Introduction to random processes: With applications to signals and systems
This book was written as a graduate level textbook for engineering students who have had a course in probability and random variables intended for students of engineering or the physical sciences. It is focused primarily on random processes as models for randomly time-varying signals and noise.
Why Read This Book
You will learn how to model and analyze randomly time-varying signals using a rigorous, engineering-focused treatment of stochastic processes, with a strong emphasis on second‑order statistics (autocorrelation and power spectral density). The book connects probabilistic concepts directly to practical signal‑processing tasks—spectral analysis, filtering, and noise modeling—making it valuable when you need principled tools for DSP, communications, radar, or audio/speech problems.
Who Will Benefit
Graduate students and practicing engineers with a basic probability background who need to apply stochastic process theory to DSP, communications, radar, or audio/speech problems.
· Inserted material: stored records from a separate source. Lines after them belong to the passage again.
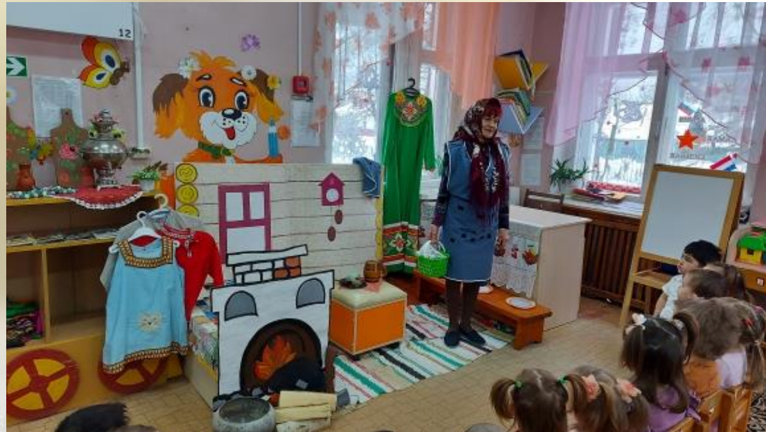
На средней группе
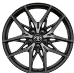
19" könnyűfém keréktárcsák 225/45 R19 gumiabroncsok Alapfelszereltség: GR Sport felszereltség
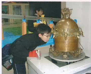
測量地震的地動儀模型
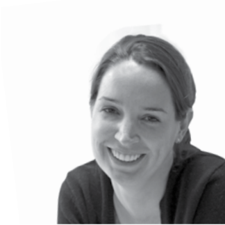
Маэль Гавэ ГЕНЕРАЛЬНЫЙ ДИРЕКТОР ХОЛДИНГА OZON.RU

Уважаемые коллеги! Раз в ваших руках оказался этот буклет, значит, вы имеете отношение к электронной торговле в Рунете, значит, мы развиваем этот рынок сегодня вместе. Мы работаем с вами в замечательной стране и в замечательное время. Замечательная страна, потому что именно в России много творческих людей, которые не боятся сложностей, не боятся рисковать. Замечательное время, потому что рынок, на котором мы работаем сейчас, растет очень высокими темпами, которые сохраняются, по нашему мнению, и в ближайшее время, ведь онлайн-покупателей становится все больше с каждым днем. И нашему молодому, но активно развивающемуся и нуждающемуся в сильной информационной поддержке рынку, было необходимо именно такое исследование, ведь РАЭК находится на острие рынка в непосредственной близости к его ключевым игрокам и имеет возможность консолидировать информацию для него, дополнять экспертными оценками, что выделяет данную работу среди других. Спасибо РАЭК и ВШЭ за исследование, надеюсь, что данная инициатива будет иметь продолжение. Как известно, в России сегодня самое большое количество интернет-пользователей в Европе, более 50 млн, и большие перспективы роста. Но есть и определенные аспекты, с которыми нам сегодня с вами нужно работать:
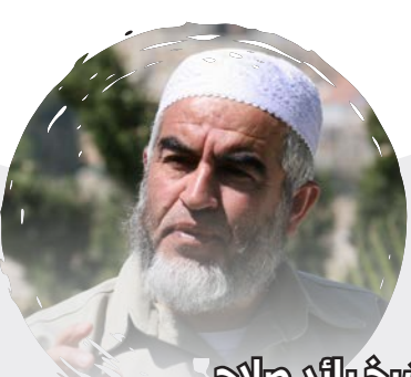
الشيخ رائد صالح
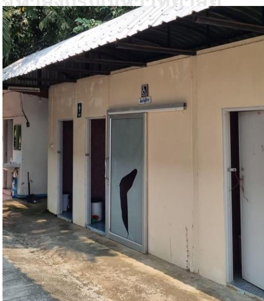
บันทึกเมื่อวันที่ 5 มิถุนายน พ.ศ.2565
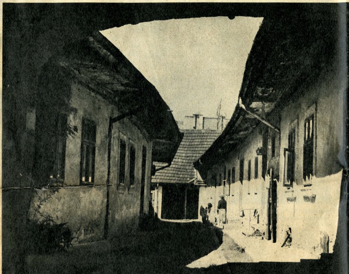
A romantika Óbudája: egy Mókus utcai ház udvarán

Level: Advanced — Prerequisites: A course in probability and random variables, comfort with calculus and linear systems, and familiarity with Fourier transforms and basic signal processing concepts.
Key Takeaways
- Analyze stationary and ergodic processes using autocorrelation functions and power spectral densities
- Apply the Wiener–Khinchin relationships and spectral factorization to connect time‑domain and frequency‑domain descriptions
- Predict and estimate signals with linear estimators (Wiener filtering/prediction) in the presence of stochastic noise
- Model common engineering noise sources and understand Gaussian and related process classes used in communications, radar, and audio
- Perform spectral analysis of random signals and interpret results for practical tasks like detection, system identification, and performance prediction
- Formulate second‑order descriptions (covariance, cross‑spectra) for multichannel and filtered random processes
Topics Covered
- 1. Introduction: Random Processes in Engineering
- 2. Review of Probability and Random Variables
- 3. Definitions and Classifications of Random Processes
- 4. Stationarity, Ergodicity, and Moments
- 5. Autocorrelation and Cross‑correlation Functions
- 6. Power Spectral Density and the Wiener–Khinchin Theorem
- 7. Linear Systems Driven by Random Inputs
- 8. Gaussian Processes and Important Special Cases
- 9. Spectral Factorization and Linear Prediction
- 10. Wiener Filtering and Optimal Linear Estimation
- 11. Applications to Communications, Radar, and Audio/Speech Signals
- 12. Appendix: Mathematical Tools and Transform Relations
Languages, Platforms & Tools
How It Compares
Covers similar ground to Papoulis' Probability, Random Variables, and Stochastic Processes but places greater emphasis on second‑order methods and signal‑processing applications; for a more measure‑theoretic treatment, consult Doob's Stochastic Processes.